An exhilarating picture of Heinz Holliger emerged over four well-packed days at Kings Place directed by Christoph Richter

Heinz Holliger is one of the illustrious names of post-war music. Both as a composer and a performer — a conductor and the most distinguished of oboists — he has shone for decades and, at nearly 72, has a substantial and unusual oeuvre to his name. He was the subject of a stimulating block of concerts in Hall One at Kings Place, a place, indeed, that becomes ever more artistically enterprising. The Holliger focus is typical of its approach: a guest curator, in this case the cellist Christoph Richter, takes charge of the main part of a week’s activities, ensuring that the various concerts form an integral whole and utilising a freedom to draw connections and deepen contexts rarely extended elsewhere.

Richter devised four well-packed programmes setting Holliger as a composer beside the work of his spiritual father, Robert Schumann, his Hungarian-Swiss teacher Sandor Veress and his associates Boulez, Kurtag and the late Isang Yun; and Holliger the performer beside devoted colleagues such as his wife, the harpist Ursula Holliger, the pianist Alexander Lonquich and Richter himself. A picture of the composer’s personality emerged layer by layer, “pli selon pli”, to borrow a Boulez title. He appeared not only as an oboist and a conductor, but as a pianist (in his 1961, Trakl-inspired Elis), a reciter, a lecturer (on Berg’s Chamber Concerto) and even a page-turner. Works of his from between 1958 (a student Sonatina for piano, played by Nicola Eimer) and last year were included. They involved only one or a few instruments, but a sense of larger scale, and of the elaborateness and mercuriality of his mind, came from the way some of the contextual items and his own pieces were interleaved.
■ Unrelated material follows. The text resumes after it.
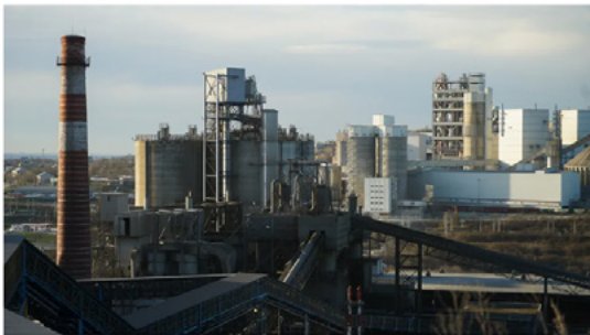
Инвестпроект стоимостью 22 млрд руб. предполагает создание производства мощностью 3,5 млн тонн цемента в год

Новороссийский цементный завод «Горный» судится с министерством природных ресурсов Кубани за право использовать водный объект Щель Сидоренкова, расположенный в горной части Новороссийска. Предприятие планирует реализовать в пределах спорной территории инвестпроект по строительству предприятия по производству цемента стоимостью 22 млрд руб. и мощностью 3,5 млн тонн продукции в год. Минприроды отказывается заключать с заводом договор водопользования на том основании, что информация о спорном объекте отсутствует в государственном водном реестре (ГВР). Ранее власти Новороссийска запретили обществу вырубать лес. После проигрыша дела в кубанском арбитражном суде НЦЗ «Горный» направил апелляционную жалобу. Шансы на отмену решения суда первой инстанции юристы оценивают по-разному.

A certain uncanniness attended this process. From COncErto, the semi-acronymically titled work he wrote in 2000 for the Chamber Orchestra of Europe, he drew solos for violin (Florence Cooke), viola (Hariolf Schlichtig), cello (Xenia Jankovic), horn and trombone (respectively the Royal Academy of Music students Michael Kidd and Rupert Whitehead) that were capable of standing alone. If that wasn’t odd enough, he combined several with each other to produce duos and trios that were apparently entirely adventitious, but sounded totally satisfying. And as if all that wasn’t bizarre enough, he himself contributed a couple of cor anglais solos written for him by Kurtag, inserting them into the continuous sequence not without small overlaps with his own music. By rights, this audacious confection should have been aural chaos. For some deep Holligerian reason, it was far from that.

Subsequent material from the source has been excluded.